Question

Unable to ingest data from Azure SQL (CDC) to Azure Data bricks using Stream Sets.

2 years ago
August 11, 2022
4 replies
117 views

gkognole
Fan
2 replies

Trying to build data pipeline for Azure SQL Server DB (CDC) as source and Azure Data bricks (Delta tables) as destination

I have referred data pipeline sample from
https://github.com/streamsets/pipeline-library/tree/master/datacollector/sample-pipelines/pipelines/SQLServer%20CDC%20to%20Delta%20Lake

Getting below error for few records in Schema preview as-well:

DELTA_LAKE_34 - Databricks Delta Lake load request failed: 'DELTA_LAKE_32 - Could not copy staged file 'sdc-4a076fce-7a73-45ba-8dd7-29e58848cf23.csv': java.sql.SQLException: [Simba][SparkJDBCDriver](500051) ERROR processing query/statement. Error Code: 0, SQL state: org.apache.hive.service.cli.HiveSQLException: Error running query: org.apache.spark.sql.AnalysisException: Unable to infer schema for CSV. It must be specified manually.

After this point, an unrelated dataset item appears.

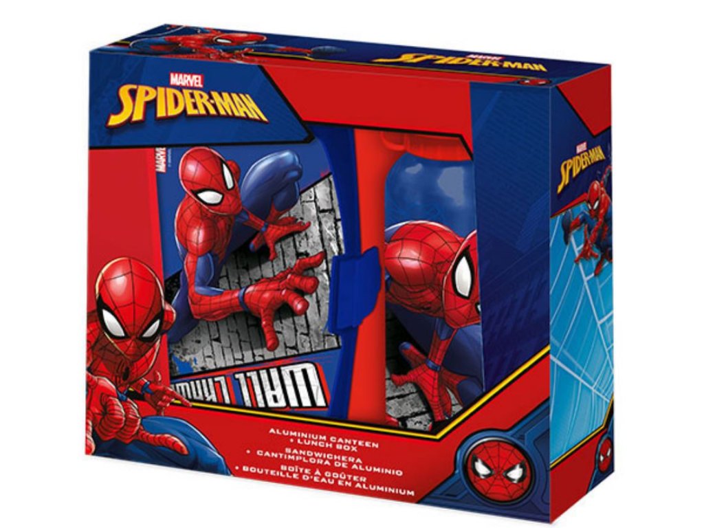 Dárkový set s láhví na pití a boxem na svačinu. To vše v červeno-modré barvě s grafikou zachycujícího superhrdinu Spidermana, jak šplhá na zeď.

Note : On Preview/Draft Run → Pipeline is able to capture changes from Source DB, successfully created files in stage (ADLS container) and created Delta tables at destination but it it fails to ingest records there.

saleempothiwala
Headliner
258 replies
2 years ago
August 11, 2022

@gkognole I have seen these kind of errors when the file starts with something like _ or is empty. From the looks of if, your filenames start with sdc- so could be a good idea to check if any temp files are being created and read from.

alex.sanchez
StreamSets Employee
73 replies
2 years ago
August 12, 2022

@gkognole

Could it be that you are using an unsupported version of the cluster? (we support 6.x, 7.x and 8.x only)

Alex - StreamSets Engineering Manager @ Collector

G

gkognole
Author
Fan
2 replies
2 years ago
August 12, 2022

saleempothiwala wrote:

@gkognole I have seen these kind of errors when the file starts with something like _ or is empty. From the looks of if, your filenames start with sdc- so could be a good idea to check if any temp files are being created and read from.

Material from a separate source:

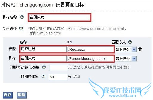 第2步:是“注册成功”页,因为成功页已经设为目标网址,所以这里就不需要再设置,最终设置如下,最后保存目标,即成功添加一个“目标“。

Thank you @saleempothiwala for your reply.

Yes, my stage file name starts with sdc- and there are no temp files created with _

G

gkognole
Author
Fan
2 replies
2 years ago
August 12, 2022

alex.sanchez wrote:

@gkognole

Could it be that you are using an unsupported version of the cluster? (we support 6.x, 7.x and 8.x only)

Thank you @alex.sanchez for your reply.

I am using Databricks Runtime Version : 10.4 LTS (includes Apache Spark 3.2.1, Scala 2.12).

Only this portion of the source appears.